Following some cases where the Tribunal accepted the use of rooms in HMOs that local authorities found unacceptably small the government has made a change to the law which will apply to all new and renewed licences from October 2018. It will not apply to existing licences until they come to be renewed. These new standards will operate as a condition applied to these licences when they are granted that will prohibit the use of specific room sizes for sleeping accommodation. Rooms that are prohibited for sleeping accommodation are still able to be used for other purposes.

The new requirements are that a room for the use of one person over 10 years of age must be at least 6.51sqm in size. For two people over 10 that rises to 10.22sqm. For one person under 10 the room can be smaller, down to 4.64sqm. Nobody can sleep in a room smaller than 4.64sqm and the local authority is required to keep a register of such rooms. When calculating the area account is taken of the wall to wall area of the sleeping room only, discounting any areas where the ceiling height is less than 1.5m. However, this measurement is only of the sleeping room and so any additional space such as an en suite bathroom is not part of the calculation.

Grace Periods

On the first application for a licence after October 2018 or the first renewal the local authority, at its discretion, may allow a grace period of up to 18 months for a landlord to deal with any room which is below the threshold and is occupied as sleeping accommodation, whether by moving the tenant out or by adjusting it to make it larger.

If on inspection a local authority finds that a room is being used which is too small to meet the requirements then, provided the landlord has not condoned or allowed the use of that room, they can provide a landlord with a grace period of up to 18 months to resolve the situation, presumably by asking the tenants to leave. This power must be inserted into a licence. However, it will not be available to landlords who have permitted the occupation of overly small rooms and they are at risk of prosecution.

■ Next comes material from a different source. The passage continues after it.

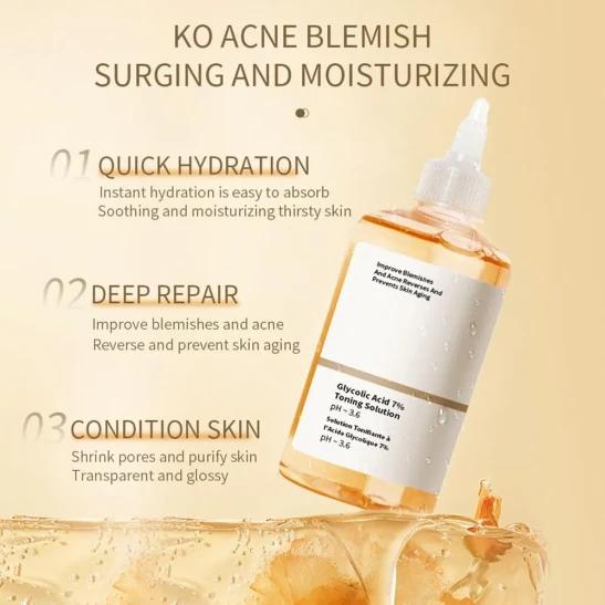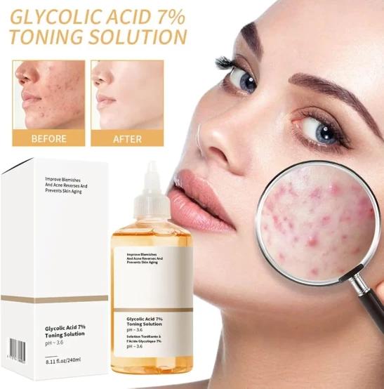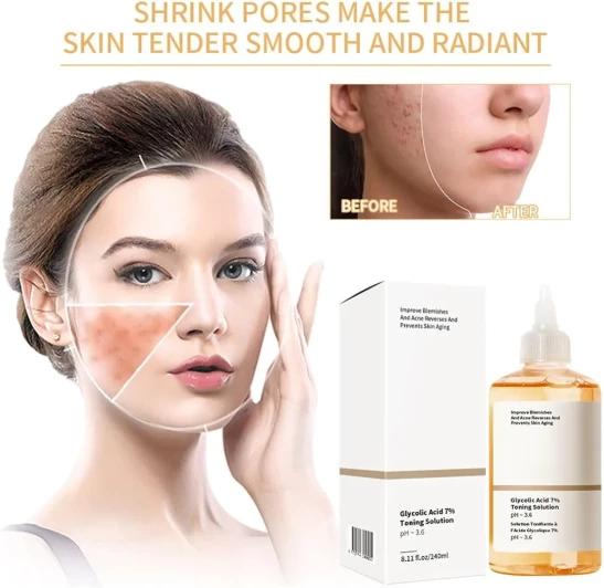 Glycolic Acid 7% Toner, Glycolic Acid 7% Toning Solution for Blemishes and Acne, Facial Exfoliation Astringe Pores, Rejuvenating Moisturizing Skin, 240ML/8.12 fl.oz

Minimum Room Sizes and Licensing Decisions

It should be borne in mind that the new minimum room sizes are minimums, not acceptable sizes. Just because a room is larger than the minimum does not mean it is automatically acceptable. Local authorities will still be able to issue guidance on what they are likely to find acceptable and also to consider rooms as part of the larger whole. As before, though they must consider rooms as part of a larger property and must not simply reject rooms which do not meet their local guidance, although they must reject rooms which do not meet the new nationally set standards.